The obvious applications are in multi-class clustering, where an optimal mixture of topics may be inferred for each document. It’s also being used for dimensionality reduction in the same way as latent semantic indexing (LSI).
I’m going to use a simpler latent Dirichlet model for inferring paradigms for morphological stemming from unlabeled data. The inference is a bit simple as there’s only one paradigm chosen per word, in contrast with the multiple topics chosen per document. With EM-style training, this will amount to what’s often called "model-based clustering", or "soft clustering", or just "EM clustering". My models aren’t simple conditionals, but will be a combination of length model (for stems and suffixes) and a character language model for generating the actual stems. Note that this proposal is not at all what Erwin Chan did recently in his 2006 SIGPHON paper Learning probabilistic paradigms for morphology in a latent class model; he applied LDA to perform a divisive clustering of stems and suffixes, with the goal of retrieving linguistically sensible hard clusters for stems and suffixes.

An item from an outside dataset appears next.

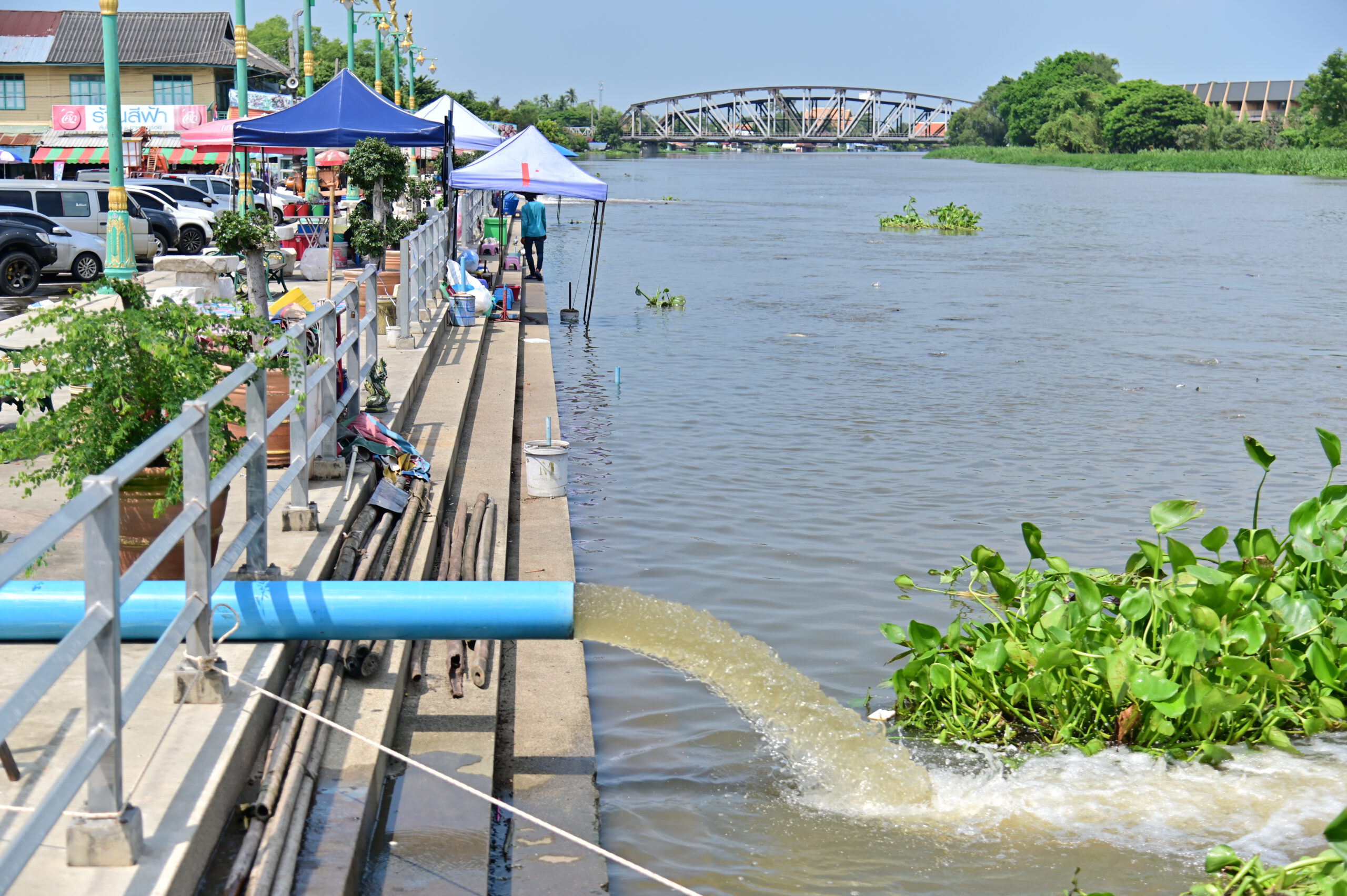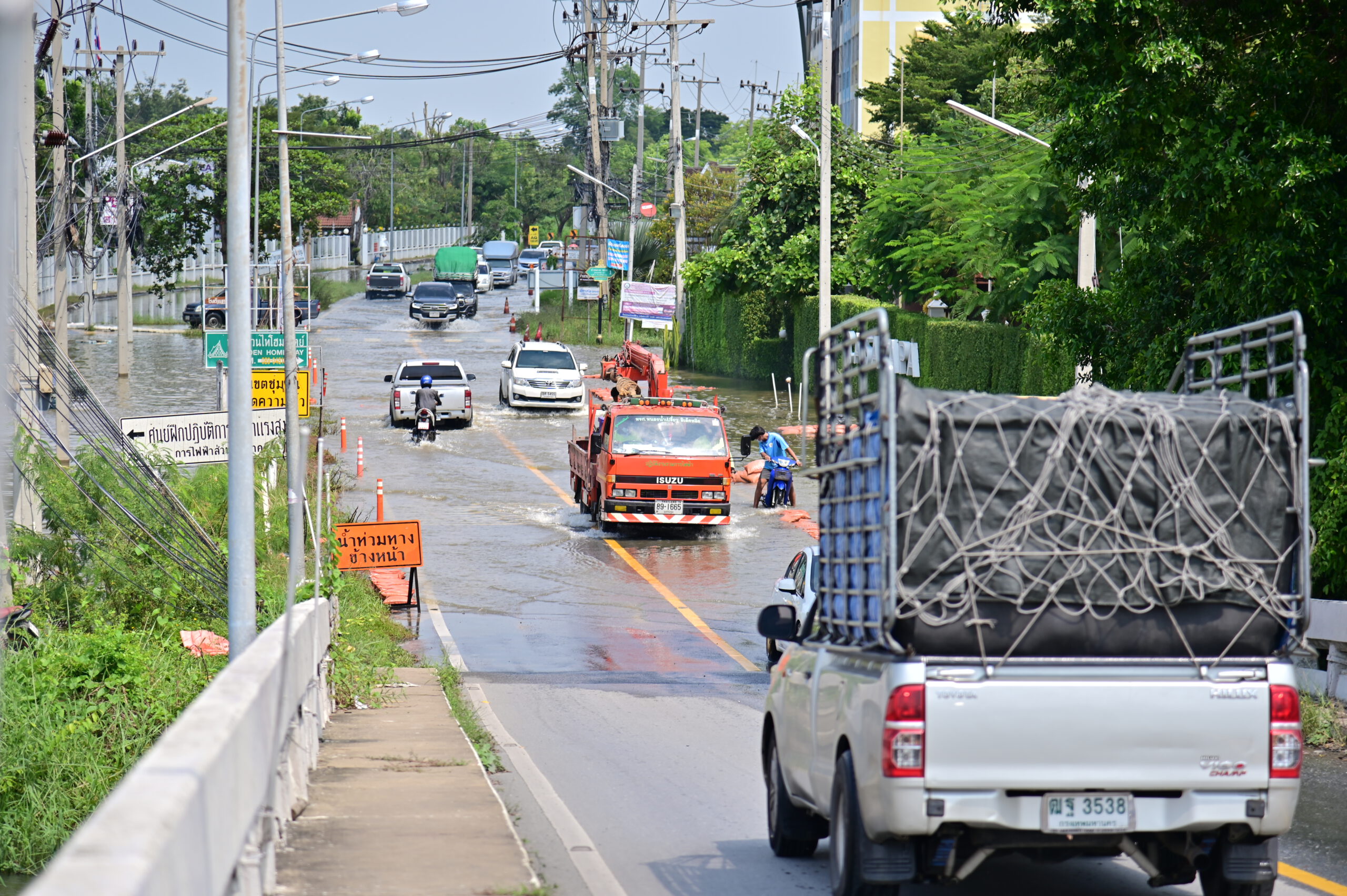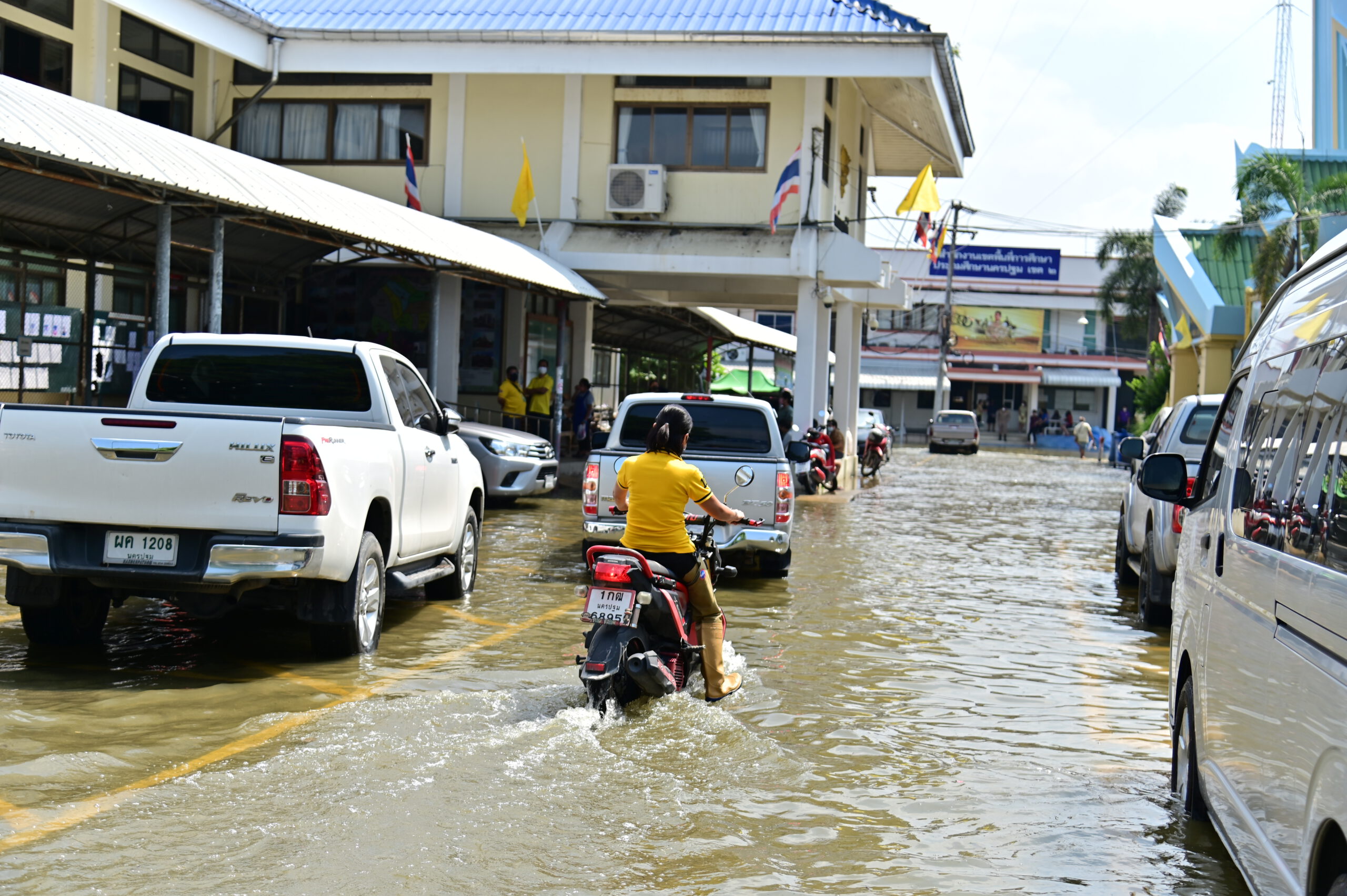 ระดับน้ำในแม่น้ำท่าจีนที่จังหวัดนครปฐมยังคงเพิ่มสูงขึ้นอย่างต่อเนื่อง ล่าสุดเอ่อล้นท่วมบริเวณหน้าที่ว่าการอำเภอนครชัยศรี ตลอดจนพื้นที่การเกษตร ซึ่งชาวบ้านได้เร่งช่วยกันลงแขกเกี่ยวข้าวใส่เรือ ก่อนที่ผลผลิตจะได้รับความเสียหาย

Another paper in this paradigm brings in correlation between topics, Laffterty and
Blei’s 2005 NIPS paper, Correlated Topic Models. The basic Dirichlet/multinomial model has been used for IR (Lafferty and Zhai), as has the LDA (Zhai).
The second of these papers solves a problem I’ve been mulling over for years, which is how to model the Zipf-like (power law) distribution of language with a reasonable prior and inference scheme. For the answer, look no further than:
Yee Whye Teh. 2006. A hierarchical Bayesian LM based on Pitman-Yor Processes. ACL.
The Pitman-Yor process is also known as a Chinese restaurant process. The standard presentation is that there’s a restaurant with infinitely many tables of infinite capacity and a sequence of customers showing up. Each customer either sits at an existing table with probability proportional to how many people are already sitting there, or sits at a new table with a small probability. This leads to a natural power-law distribution. What’s really nice is that simulated draws can be made pretty much the way the model’s described. And what’s really neat is that the empirical Bayes priors look just like Kneser-Ney smoothing.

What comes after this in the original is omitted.